Is there a way to mark a particular task as "serial"?  The ticket below 
appears to be resolved but by its description looks like this can set a 
"playbook" as serial (the entire playbook instead of just a particular 
task?  In which case should I create a different playbook for this task (is 
that the intended workflow)  or maybe that fix isn't in the version I'm on 
(1.3.4) getting this error when I try to add serial to a task:

ERROR: serial is not a legal parameter in an Ansible task or handler


On Saturday, August 18, 2012 6:24:42 AM UTC-7, Michael DeHaan wrote:
>
> The follow up to this feature, by the way, is going to be the ability to 
> mark a playbook as "serial: True", which means it will entirely complete a 
> play
> on a single host, before moving on to the next set.
>
> This will probably respect the --forks flag for how many to do at once.
>
> I've filed a ticket for this idea here:  
> https://github.com/ansible/ansible/issues/904
>
>
> On Saturday, August 18, 2012 8:59:59 AM UTC-4, Michael DeHaan wrote:
>>
>> When I first started ansible, one of the things I wanted it to be 
>> exceptionally good at is multi-machine rollouts, where there are 
>> various tiers of application architecture.   This is why you can do 
>> different hosts in different plays and why it is push based -- so you 
>> have really fine grained control about what machines you talk to when. 

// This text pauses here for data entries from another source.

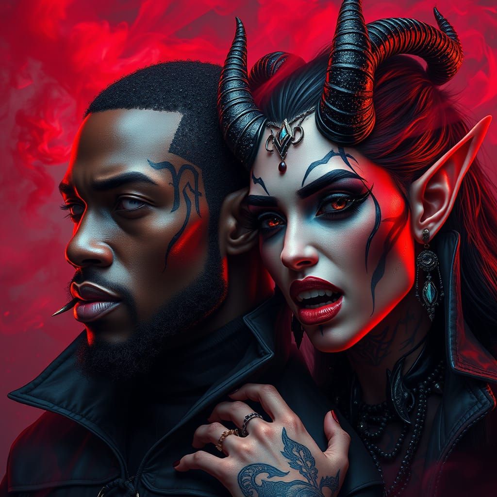 This image shows a dramatic, hyperrealistic portrait of a daring couple in a vibrant, colorful setting. The woman's black and silver hair shines with glitter, and her eyes seem almost unholy. Intricate details and dramatic lighting bring this scene to life, reminiscent of concept art from Simon Stalenhag...
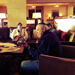 The obvious place to go, for low-key hanging out instead of the kind of brain-engagement required by another conference session, is the area of the lobby with the fireplaces and the couches. (I remember playing there with 13-month-old Drew two years ago.) And when I get there, I find a wonderful surprise: a group of friends singing by the fire. So I sit down at the edge of the hearth and soak up the warmth of the fire and the warmth of their music, sometimes humming or singing along.
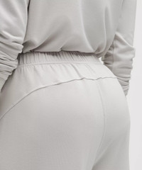 Designed for Casual Ultra-Soft, BeCalm Fabric - Modal French terry with an ultra-soft, fuzzy interior - Supple exterior - Four-way stretch - Has a luxurious drape - Fabric is derived from wood-based materials from well-managed forests Mid Rise, Full Length - Oversized fit is an exaggerated roomy fit - Full length intended to sit at ankle Product Features - Hand pockets, one with a hidden card sleeve Material and care Materials Pocket Lining: 90% Recycled Polyester10% Lycra Elastane - Body: 95% Modal5% Elastane Care Machine Wash Cold - Do Not Bleach - Tumble Dry Low - Do Not Iron - Do Not Dry Clean - Wash With Like Colors
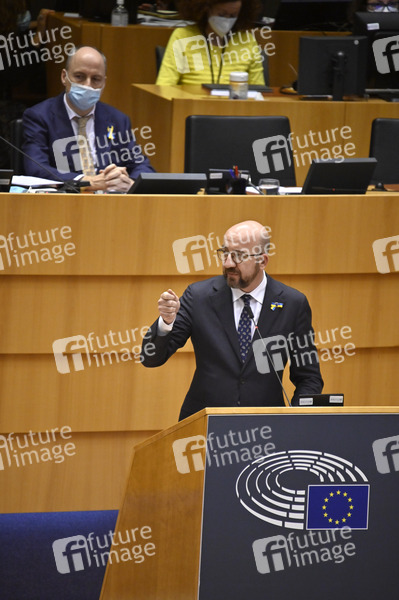 Charles Michel bei der Debatte über die Aggression Russlands gegen die Ukraine im Plenarsaal des Europäischen Parlaments. Brüssel, 01.03.2022
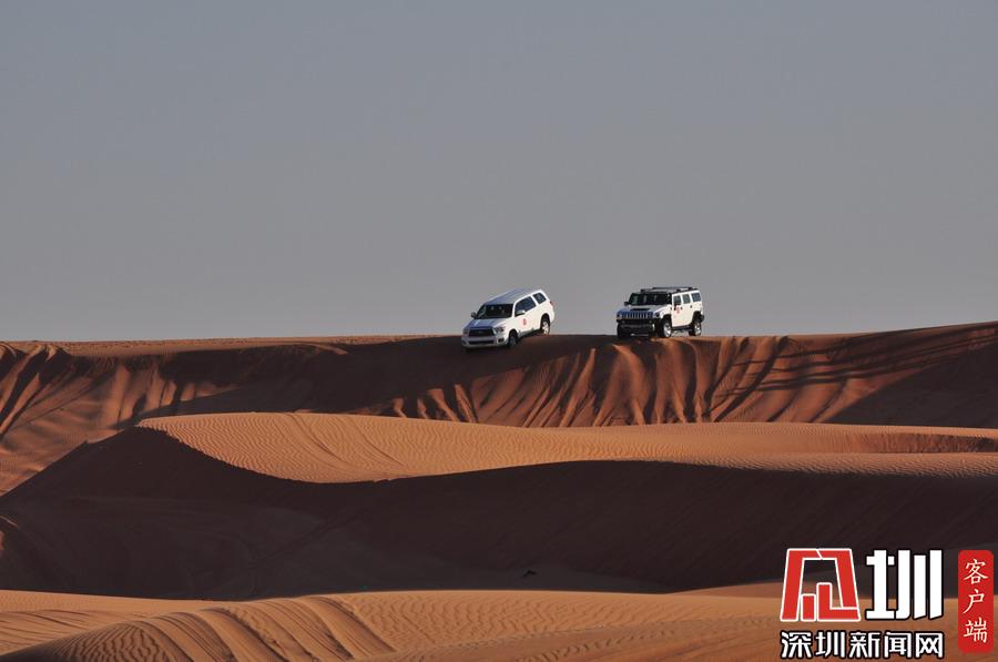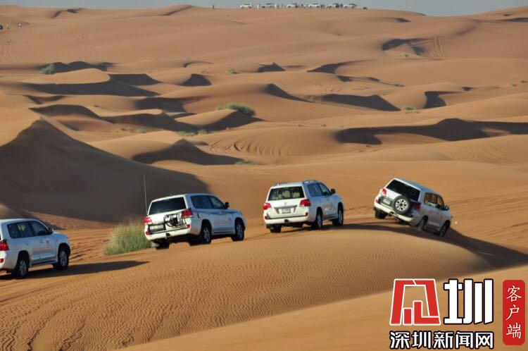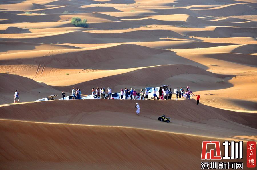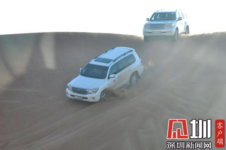 去迪拜,一个最不可错过的体验项目就是"冲沙"。所谓冲沙,就是高速的车在沙丘里不断爬坡、俯冲、腾飞、落下等等一系列惊险的动作。李仁奇摄
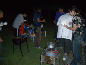 灯油をかけながら池の対岸で何かを盛大にバーニングしていました・・・暗闇で見る光景は死体焼却を思わせる光景でした。
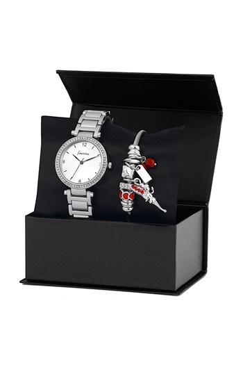 Forentina Kadın Metal Gri Metal Kol Saati Melek Bileklik Kombin Set PS2806
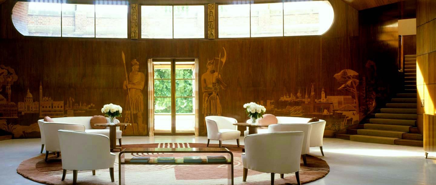 Separated from the main house only by a sliding Chinese lacquer screen the contrast between Art Deco and Medieval is stunning. The hall may be used for larger ceremonies, but more usually hosts dining and dancing - it looks wonderful with enhanced lighting. A minstrels' gallery may be used for live music performances. The room opens directly onto lawns, which parties can use in fine weather.
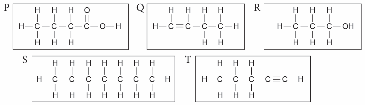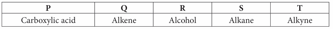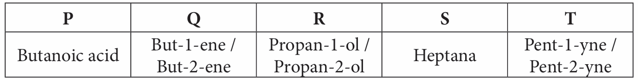 Table 2.13 shows the molecular formula of organic compounds P, Q, R, S and T from different homologous series.
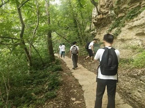随后,实践队重走九间棚山路,参观了房屋旧址以及战天斗地的伟大工程。
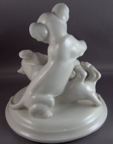 This is a figurine of a pair of lion cubs playing made by the Schwarzburger Werkstaetten around 1930. It was designed by Etha Richter who was one of the most important animal modelers of the Jugendstil / Art Deco period. The one is one top of the other that is lying down on his back. All on a rounded base. Again a very simple figurine yet so elegant. That is why these figurines are so collectable. The figurine is in great condition with a glaze line to the tail of the one standing up. The figurine is marked with the impressed fox mark as well as U. 1097. underneath. Also the impressed stamp Schwarzburger Werkstaetten fuer Porzellankunst. The piece is 5.5 inches tall, 5.375 inches wide and 4.625 inches deep. Please email me for more information or other pictures.
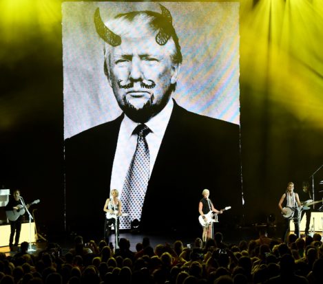 A defaced imaged of Donald Trump looms over The Dixie Chicks as they perform in Cincinnati on June 1.
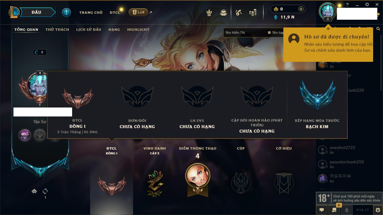 Rank Đơn: Chưa rank mùa nàoKhung: Chưa có khungTướng: 20 - Còn 2091 THXTrang Phục: 1Rank ĐTCL: Chưa RankLinh Thú: 4
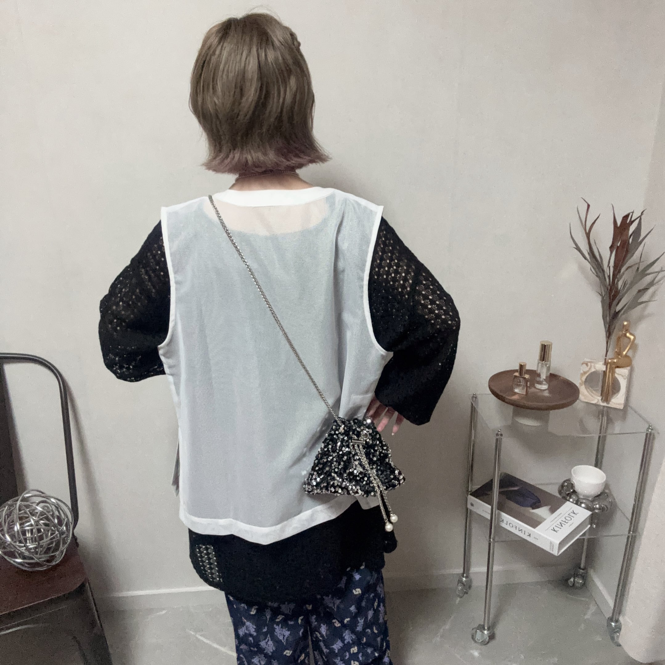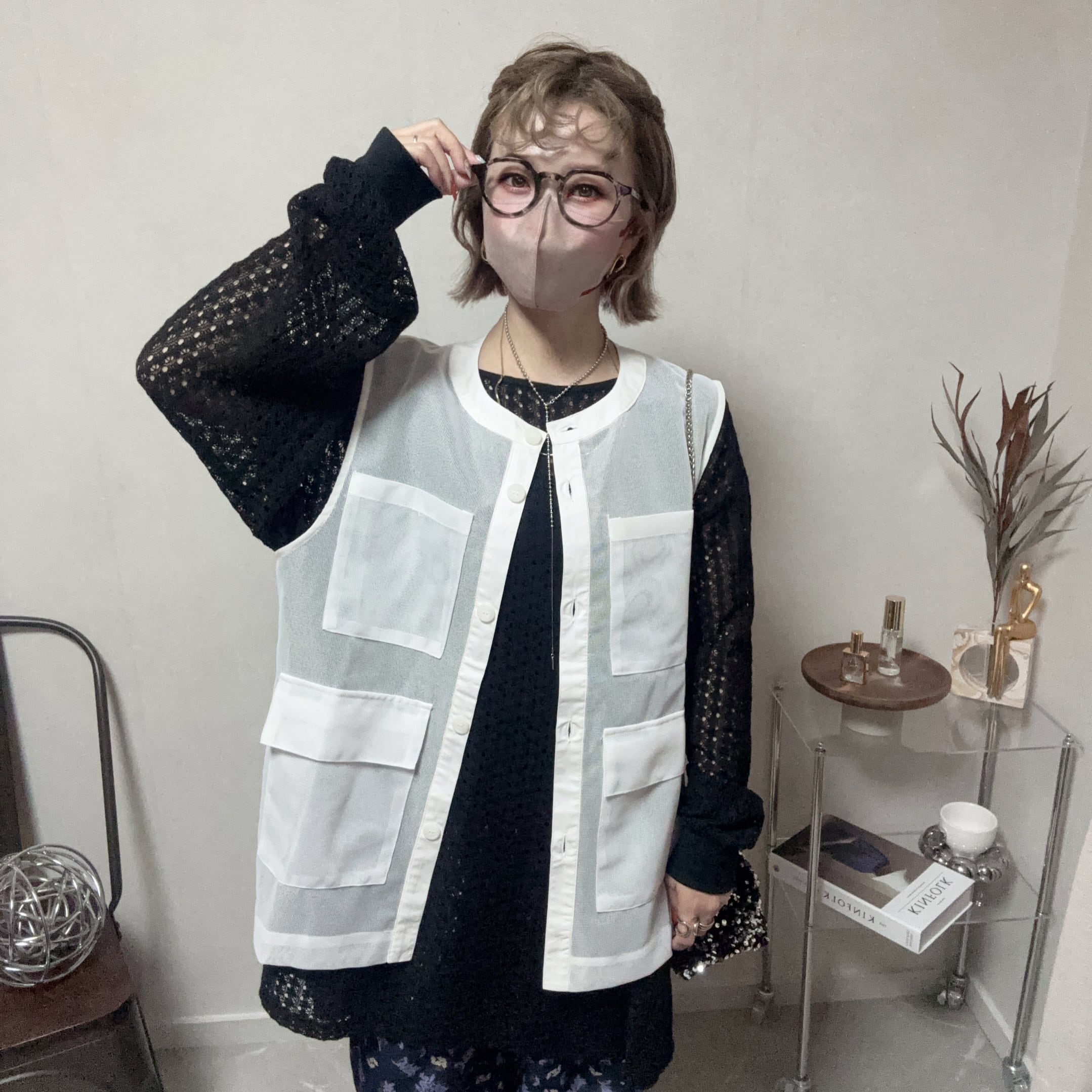 ポケットのたくさんついたフロントデザインが印象的なアイテムで、おしゃれと快適さを兼ね備えたメッシュベスト。

>>   One of the things that doesn't quite fall into this model though is 
>> when you have to talk to monitoring servers or load balancers.   Until 
>> today. 
>>
>> Generally speaking, the new option on a task 'delegate_to', allows a 
>> command to be run on a specified address with reference to the address 
>> of each host selected in the play.   This is one of the last missing 
>> pieces missing to orchestrate some pretty impressive steps. 
>>
>> Here's a super trivial example: 
>>
>> --- 
>> - hosts: foo 
>>
>>   tasks: 
>>
>>   - name: on actual host 
>>     action: command echo hi mom ($inventory_hostname) 
>>
>>   - name: delegated 
>>     action: command echo hi mom ($inventory_hostname) 
>>     delegate_to: 127.0.0.1 
>>
>>
>> What will happen is the first step will run just like normal, executed 
>> on all hosts in the group "foo". 
>>
>> The second task, however, will run one time for each host on group 
>> "foo", but every single command will run on 127.0.0.1 with reference 
>> to the variables normally available to the other hosts. 
>>
>> A more real world example, illustrating the usage of two different 
>> connection types, would be: 
>>
>>
>> --- 
>> - hosts: foo 
>>   connection:local 
>>
>>   tasks: 
>>
>>   - name: start outage window 
>>     action:  /usr/bin/start_outage_window $inventory_hostname 20m 
>>     delegate_to: 127.0.0.1 
>>
>> - hosts: foo 
>>
>>   - name: do something important 
>>     action: service name=blarg state=stopped 
>>
>>   # other stuff here 
>>
>>
>> So, I hope that gives the general idea of what delegate_to is capable 
>> of.    It's really open-ended, so you could technically integrate it 
>> with a power management script, pizza ordering, pretty much anything. 
>>
>> I think the next step here that would be really really interesting is 
>> if we start seeing modules written (and hopefully added to core) for 
>> talking with various monitoring servers and load balancers.   I've 
>> already talked with a few people of getting some of the nagios 
>> interaction from Func/Taboot ported over, but I think there's room for 
>> a lot more -- so if you have any ideas for modules that could take a 
>> lot of advantage of this, let me know!